I’m a big avocado fan. Huge. I eat one everyday, typically by itself or in a smoothie. And when it comes to guac, I usually do a simple one with lemon juice, salt and pepper to top a salad or chicken dish.

This recipe, however, is something worth sharing. I came across it when Whole Foods only had one ripe avocado on a day I was in charge of guac for a potluck. Of course. The store clerk suggested I try the sweet pea guacamole on their website which uses only 1 avocado and frozen green peas as the bulk. I added some other ingredients as well for extra kick and the result was surprisingly packed with flavour. Light and sweet, smoky and spicy. I can’t recommend it enough, you’ve gotta to try it for yourself.

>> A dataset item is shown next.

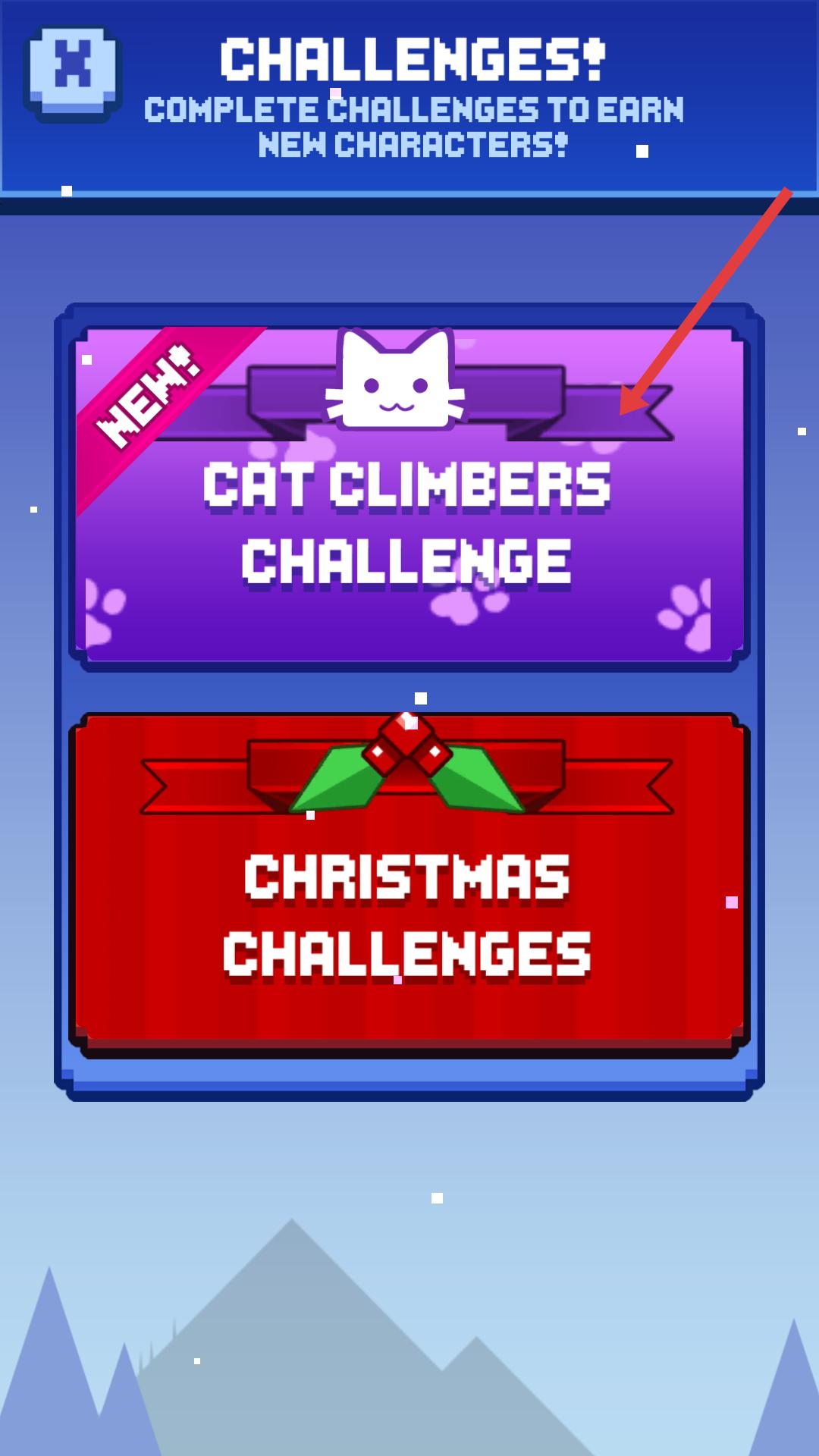 2、進入挑戰(zhàn)選擇界面,有爬山挑戰(zhàn)和圣誕節(jié)挑戰(zhàn)等挑戰(zhàn),完成挑戰(zhàn)能獲取新角色,可根據(jù)喜好選擇挑戰(zhàn)。

Sweet Pea Roasted Jalepeño Guacamole

  • Servings: 6 to 8
  • Print


  • 2 large ripe avocados (or can use 1 if you want lower fat)
  • 1 1/2 cup frozen sweet peas, thawed
  • 2 small jalepeño
  • 1/3 cup cilantro, roughy chopped
  • 3 cloves garlic
  • 2 scallions or 1/2 small onion, thinly sliced
  • 2 limes
  • 1 tsp salt

Let’s go:IMG_4877

  1. Heat oven to broil, and broil one of the jalepeño’s until it is completely charred. Transfer to a small bowl, cover with plastic wrap and let sit for 15 minutes. When cool, use a paper towel to wipe off the charred skin. Halve, seed and devein both the roasted and raw jalepño.
  2. In a medium bowl, mash the avocados with a fork. Set aside.
  3. In a blender on pulse mode, or in a food processor, puree the peas, cilantro, jalepño peppers and garlic. Sprinkle in salt and squeeze in the juice of 2 limes and pulse again until you have a chunky uniform mixture.
  4. Pour this mixture into the bowl of avocados and combine. Add the zest of 1 lime, and more lime juice and salt to taste. Garnish with cilantro and serve with chips or raw vegetables.